# Levitical Covenant



## kceaster (Jan 10, 2014)

Hi all,

I was wondering if anyone knew of any references to the levitical covenant among Reformed authors. I'm particularly looking for references to the levitical covenant as part of the progression of the covenant of grace. As I see it, the levitical covenant is indispensable to the covenant structure, and is like the Davidic covenant in that, in order for Christ to fulfill all things, He also had to fulfill the covenant with Levi as part of His priestly office. Moreover, I believe Zechariah 5:12-13 teaches that Christ must fulfill the levitical covenant in order to reign on the throne as both king and priest.
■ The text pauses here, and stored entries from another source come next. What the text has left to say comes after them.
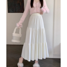 白色半身裙秋冬2025年新款高腰a字显瘦小个子伞裙百褶垂感糯米裙
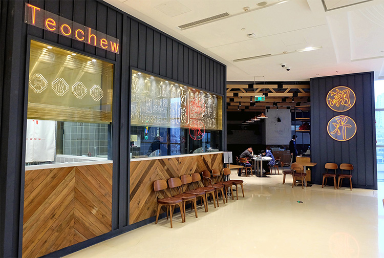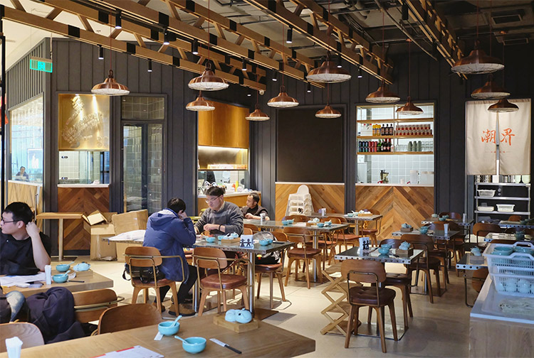 潮界新店坐落于凯德晶萃广场的三楼,店内的设计延续的之前的风格,小桌紧凑排列,在空间布局中显得极具烟火气,故意做旧的墙面和暖调灯光甚至营造出了一种夜市排挡的感觉,不会让用餐的客人产生距离感;每日午市都是人声鼎沸,用餐氛围亲切感十足。
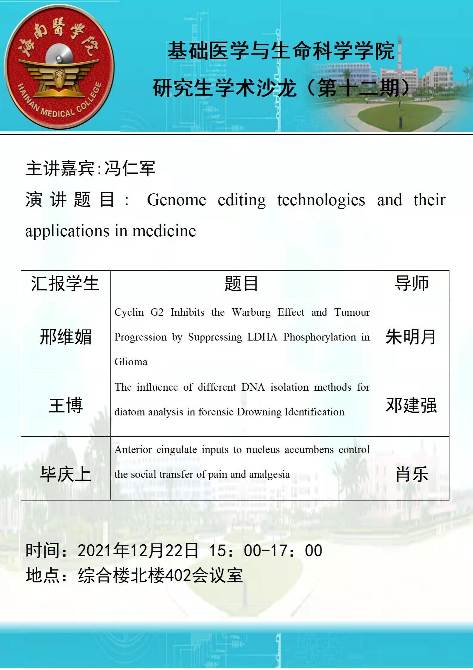 【学术沙龙】第12期:Genome editing technologies and theirapplications in medicine
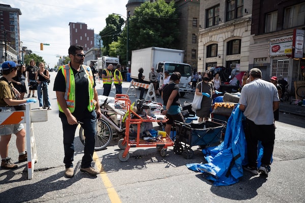 A person's belongings are placed on the street to be moved to storage after his tent was cleared from the sidewalk at a sprawling homeless encampment on East Hastings Street in the Downtown Eastside of Vancouver on Aug. 9, 2022.DARRYL DYCK/The Canadian Press
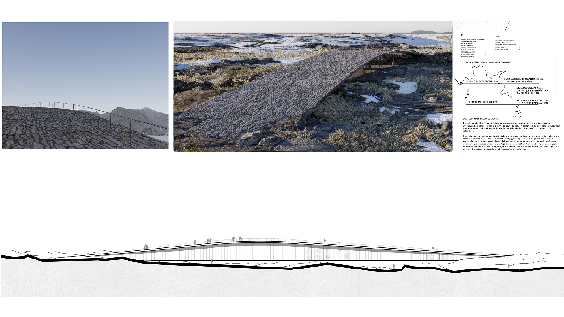 Inspiracją dla układu funkcjonalnego stały się naturalne formacje skalne występujące na polach lawowych. Ich geometria posłużyła jako punkt wyjścia układu funkcjonalnego, który naśladuje abstrakcyjny kształt lawy, organizujący przestrzeń budynku. W projekcie wykorzystano naturalne surowce charakterystyczne dla tego regionu Islandii, podkreślając ideę architektury jako przedłużenia krajobrazu i narzędzia jego ochrony.
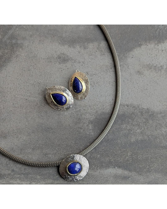 ANNE MORGAN - Silver Cerigyn earrings with lapis in 18ct setting
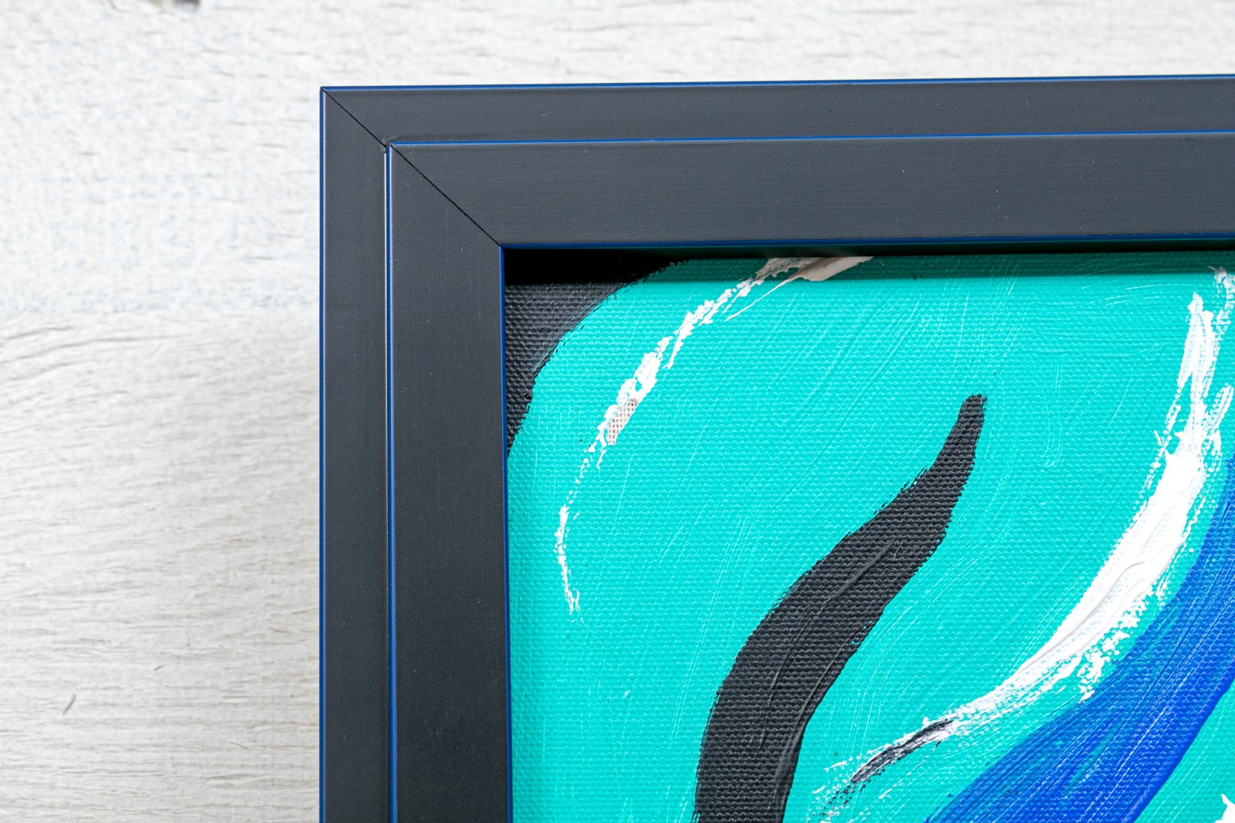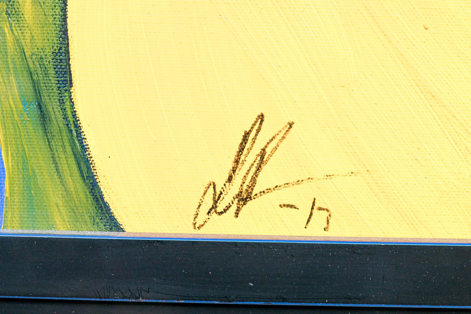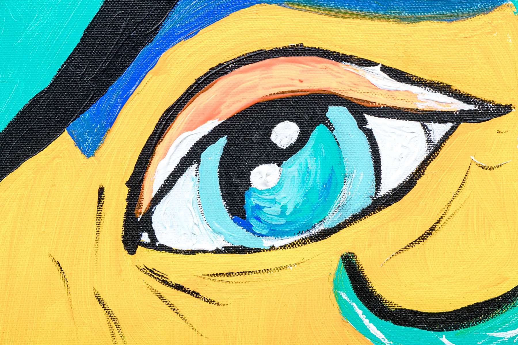 Signed and dated 13 lower right. A fun Pop Art style full face of a red lipped gal. Presented in a black frame.
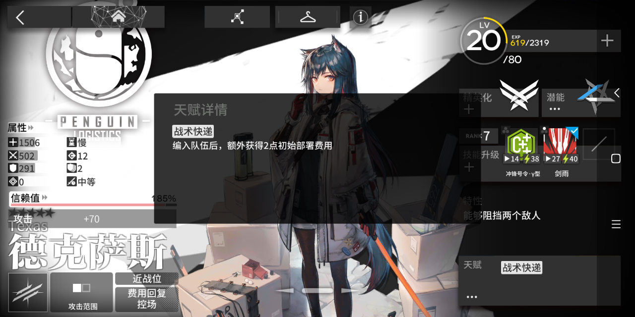 德克萨斯是清道夫的上位。我们看到,其实清道夫和德狗子攻击力和防御力是差不多的。不过德狗子天赋好,技能更是bug,所以,我哭了(德狗子是小号的)
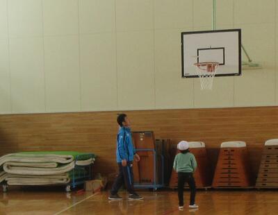 共にバスケットをする(安全確保・非常時対応のためです)のは,なんと本校教頭!
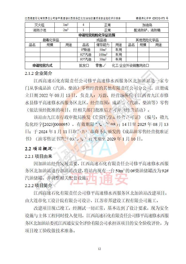 项目简介 | 江西高速石化有限责任公司修平高速修水西服务区北加油站是一家专门从事成品油(汽油、柴油)零售经营的其他有限责任公司分公司,注册成立日期2022年08月15日,负责人:万蔚,经营场所位于江西省九江市修水县修平高速修水西服务区北区。经营范围:成品油(汽油、柴油等)零售(依法须经批准的项目,经相关部门批准后方可开展经营活动)。 该站由九江市行政审批局换发《危险化学品经营许可证》(编号:赣九危化经字[2023]000095),**期限2022年08月14日至2025年08月13日;于2024年1月11日取得九江市商务局颁发的《成品油零售经营批准证书》(油零售证书第浔0356号)**期至2029年1月10日。 江西高速石化有限责任公司修平高速修水西服务区北加油站占地面积约4300m2,站内设置有3台四枪潜油泵程控燃油加油机及配套的工艺管线,原设埋地卧式双层油罐4台,其中50m³的0#柴油储罐2台、50m³的92#汽油储罐1台,50m³的95#汽油储罐1台,油品储罐总容积为150m³(柴油折半),属二级加油站。 因加油站经营发展需要,江西高速石化有限责任公司修平高速修水西服务区北加油站进行加油站改建,将站内现有一台50m³的0#柴油储罐改为92#汽油储罐,并调整相关配套设施;改建后站内设置有3台四枪潜油泵程控燃油加油机及配套的工艺管线,设埋地卧式双层油罐4台,其中50m³的0#柴油储罐1台、50m³的92#汽油储罐2台,50m³的95#汽油储罐1台,油品储罐总容积为175m³(柴油折半),按现行《汽车加油加气加氢站技术标准》对加油站的等级划分原则,属**加油站。 | |||
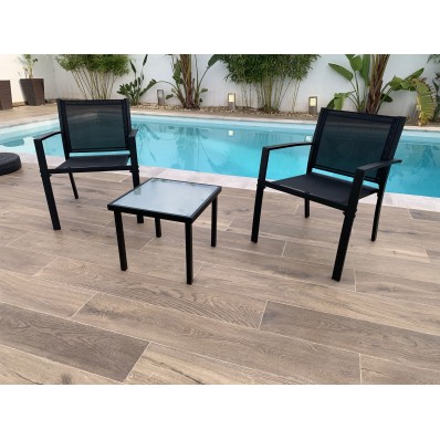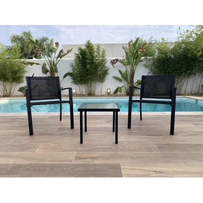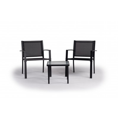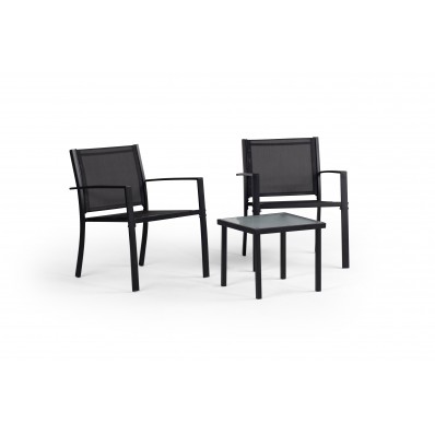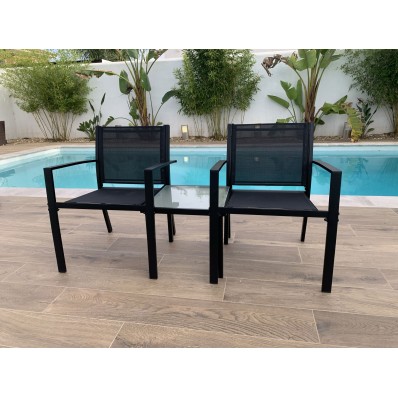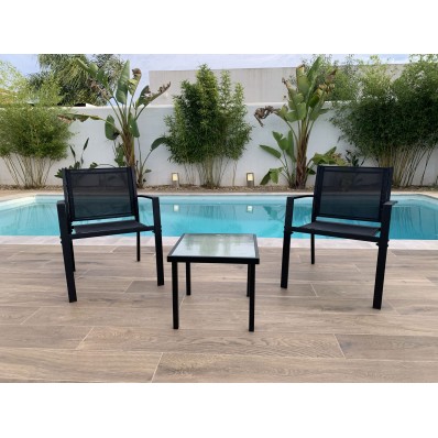 Conjunto de textileno negro compuesto por 2 sillones y mesa

The counsel of peace refers to both offices of priest and king.

Anyway, just looking for references.

Blessings,

KC


----------



## Peairtach (Jan 10, 2014)

God's dealings with the tribe of Levi are usually treated under the rubric of the Mosaic Covenant, just as the Levitical Economy/Dispensation/Administration is contemporaneous with the Mosaic Administration.

The Book of Hebrews, and sound commentaries thereon would be the place to start on Christ's priesthood in comparison and contrast with that of the Levitical High Priest, shew us that Christ is a king and priest after the order of Melchisedek rather than Levi. 

The Levitical Priesthood, in particular the High Priesthood, and the Kingship, were kept distinct in Israel.


----------



## Dearly Bought (Jan 10, 2014)

Try _The Tree of Promise_ by Alexander Stewart for an understanding of the role of the Levites in the Mosaic economy of the Covenant of Grace.


----------